Sarah let a smile crease her lips when she thought of Alex. What an amazing fighter. And he did that entire disappearing act for Aaron. To work on Ansgar where no one could interrupt him. To figure a way out of the mess they seemed to be sinking into. He had complained that Aaron and Sarah always had all the fun. Alex wanted a small piece of the renegade life and got what he asked for.

 

She drank more of her coffee.

 

“Sarah?” Bryant prodded.

 

She faced him. “Sorry?”

 

“I asked if you knew about the toy gun.”

 

Sarah glanced at Aaron, then back to Bryant. “Would it have mattered? What Ansgar did to him … there was no coming back from that.”

 

Bryant clapped his hands. “I guess that’s it then.”

 

“Guess so.”

 

She was willing to be professional with Bryant. There was no particular beef with him. Just that, at the core, he was the bully who pushed Ben Wilson to do what he did to so many people. Ben had been prepared to kill Bryant’s sister to get back at him. Sometimes the consequences for people’s actions are far greater than expected and often unfair. But sometimes people don’t realize just how much they hurt others.

 

Sarah might not have a personal beef with the man, but she also had no love for him. Had he changed since high school? Was he different? Did he say those things to Ben as Ben died just to get the final jab in?

 

Sarah would never know. That was the thing with Vivian’s new pact. If Sarah
needed
to know something, Vivian offered it freely. But if she didn’t
need
to know, information was withheld.
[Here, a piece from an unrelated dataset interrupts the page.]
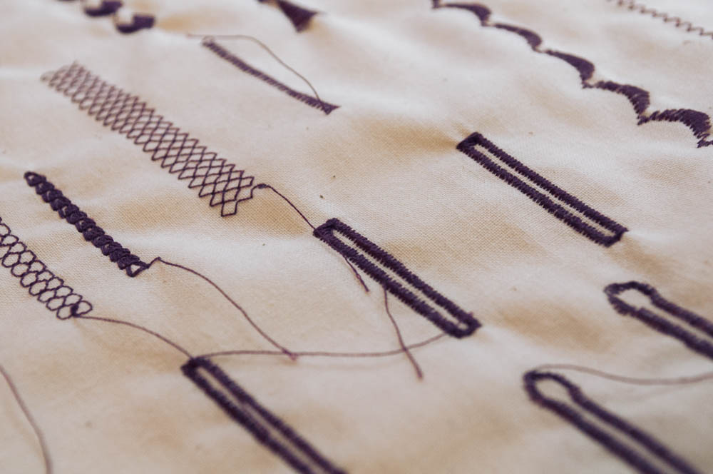 As for the stitch quality, well...just take a look above. It is impeccable! I created these samples using a doubled piece of muslin with no stabilizer, and already, the stitches look fabulous. Buttonholes are also a breeze on this machine (no more holding your breath!). You just pick which buttonhole you want to sew with the handy touchscreen, pop a button into your buttonhole foot and go. Just watch! (No hands, really!)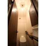 木目の柔らかな雰囲気のトイレに、カフェのようなオシャレな照明をチョイスしました。一つアクセントを加えるだけで、雰囲気がガラリと変わります!

Sarah couldn’t be given anything she wanted at any time, otherwise she would be all knowing and no one could play God on earth—even though hundreds of thousands of people tried that every single day.

 

Bryant pushed his chair back. “I’ll leave you two alone then.”

 

Sarah returned her gaze to the minivan across the street. Yonge Street was busy. It was a Saturday in Toronto and they were just north of the 401. People went about their business oblivious to what Aaron and Sarah had to talk about. Once Bryant left, she would break the news that she had to leave yet again.